For our project (December 2014), the identification of macro remains has been accomplished to the naked eyed and with the help of a microscope for the difficult ones.
For the comparison, illustrated volumes, paper and digital atlas (such as the Digital Atlas of Economic Plants in Archaeology of the Groningen Institute of Archaeology РGIA, University of Groningen and of the Deutsches Archäologisches Institut РDAI, Berlin) have been used.

In the analysis, approximately 750 remains have been studied: 533 certain, 24 uncertain and 194 undetermined.

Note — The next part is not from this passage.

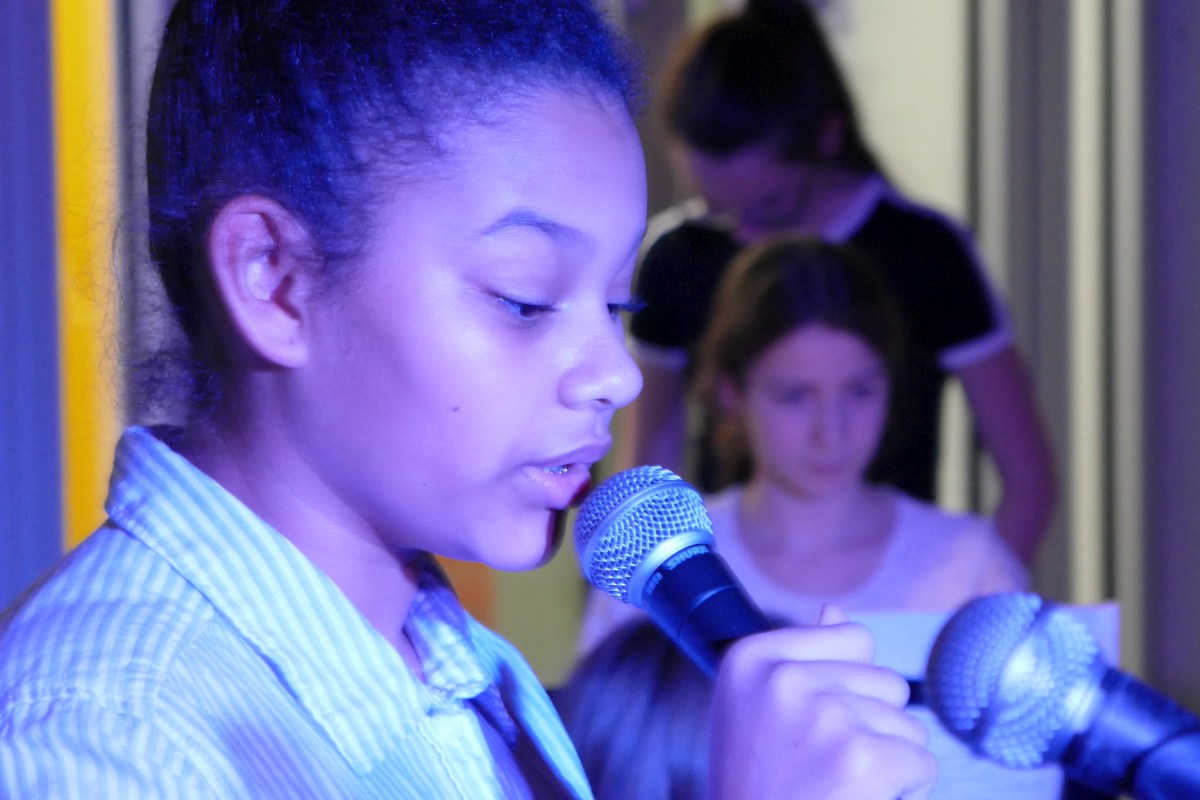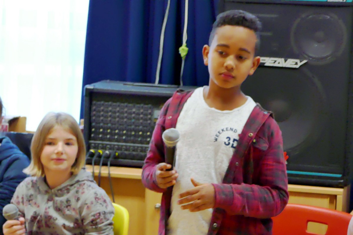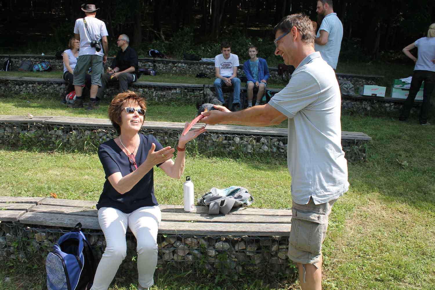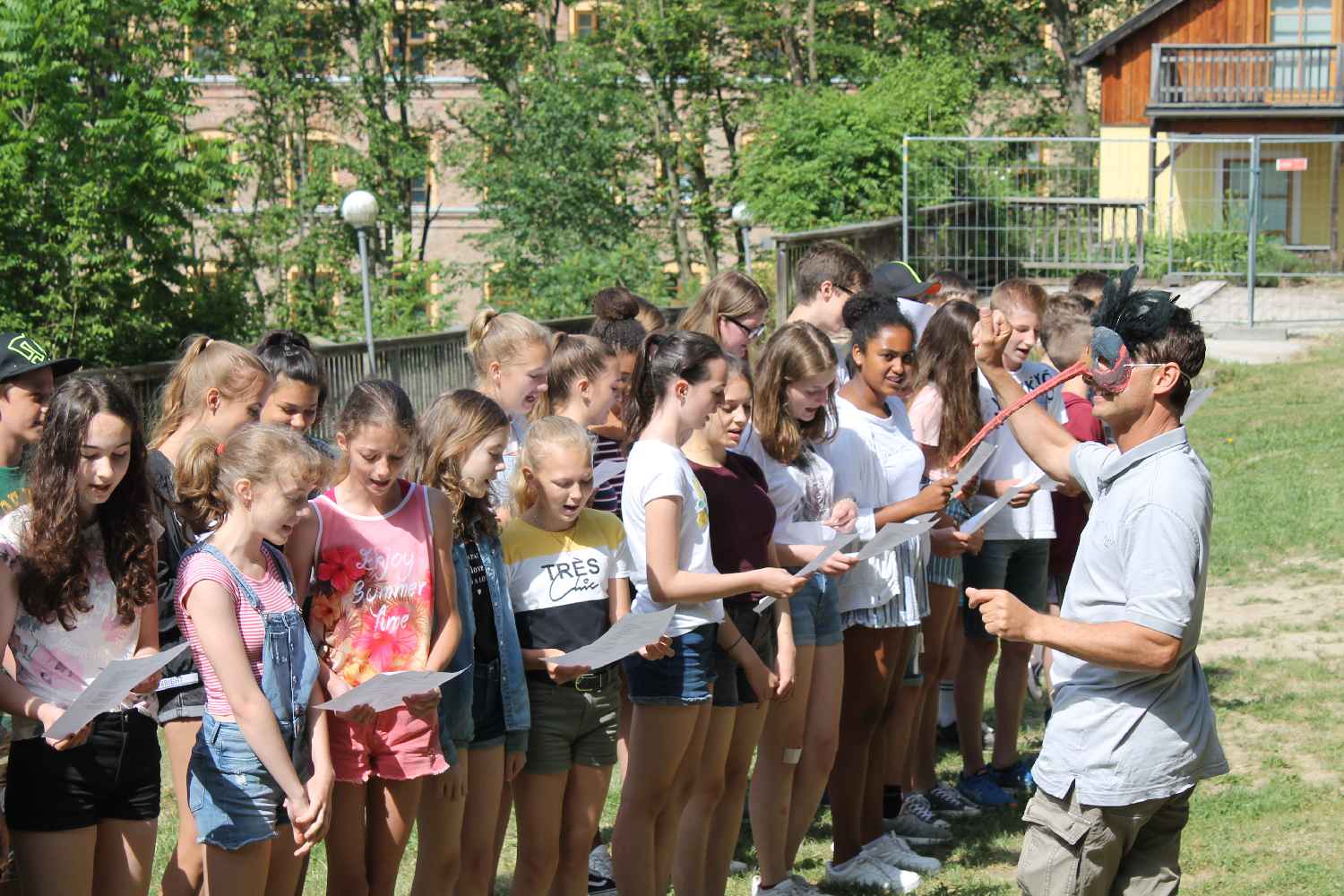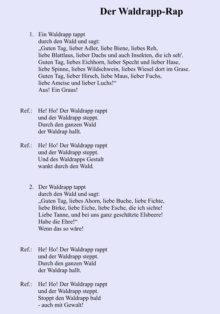 Das Projekt wurde mit einer gemeinsamen Abschlussfeier aller Beteiligten beendet. Unser Beitrag war der Waldrapp-Rap - mit einem (beinahe echten) Waldrapp......

Summary table of the non-woody macro remains
It is possibile to observe a lot of edible plants, some of them cultivated, others wild. Among the cultivated species we can recognize wheat (Triticum monococcum/dicoccum L.) and barley (Hordeum sp. L.). Their seeds are really abundant (in some cases there are also fragments of ears) and show signs of combustion.

Charred cereals
Then there are fruits of hazels (Corylus avellana L.) and oak/holm oak (Quercus sp.), certainly used in alimentation.

Hazels fruits
There are also some fruits belonging to the family Rosaceae, but it wasn't possible to determine gender and species. The small size allow to rule out the possibility of wild apple (Malus domestica) and the spherical shape is not suited to the wild pear (Pyrus communis L.) reported by Battaglia in 1943. One of the most plausible hypothesis is that it is Sorbus sp. L.
The high presence of dogwood (
Cornus Mas L.), of which only a part seems to have been preserved at the Museum (Battaglia wrote of an entire layer composed of these seeds, while those remaining are only a hundred), does suggest its use in a massive way in the food field. One hypothesis, with archaeological and ethongraphic evidence, is that the dogwood was fermented to make a low alcohoolic drink. 
 
Dogwood seeds
In addition to fruits and seeds, in the collection we can find some galls of oak (Quercus sp. L.). The gall, or cecidia, is a malformation that may be due to several causes; these galls seem to be originated by an insect, the Cynips quercusfolii. These remains may have been gathered by the lake-dwellers to derive the tannic acid, in which are rich, a substance used in tanning.

Galls of Quercus sp. L.
Extremely fascinating are the plant remains identified as mixtures of cereals, a kind of "dumplings" made by kneading a cereal flour coarsely chopped. The morphology is rounded, the "nuggets" seem to be made by flattening the mixture on the thumb and then cooked on hot stones (another theory, proposed by botanist Della Fior in 1940, which for now is to be considered merely hypothetical not being proven by scientific analysis, is that the internal cavity is the space for a filling of some kind).

The aspect relating to the alimentary economy is really meaningful, in particular the relationship between agricultural practices and gathering of wild vegetables. We can assume a certain balance in the use of both resources. Indeed, the environment offered many food resources that were certainly exploited by the inhabitants. The groups of herbaceous plants that characterize the wet grasslands and ruderal sites still provide an alternative and complementary source of food.

This project has been also an opportunity to make the first tests on geometric morphology techniques in archaeobotany using open-source softwares as MorphoJ. In future we will try to develop and make available these methodologies.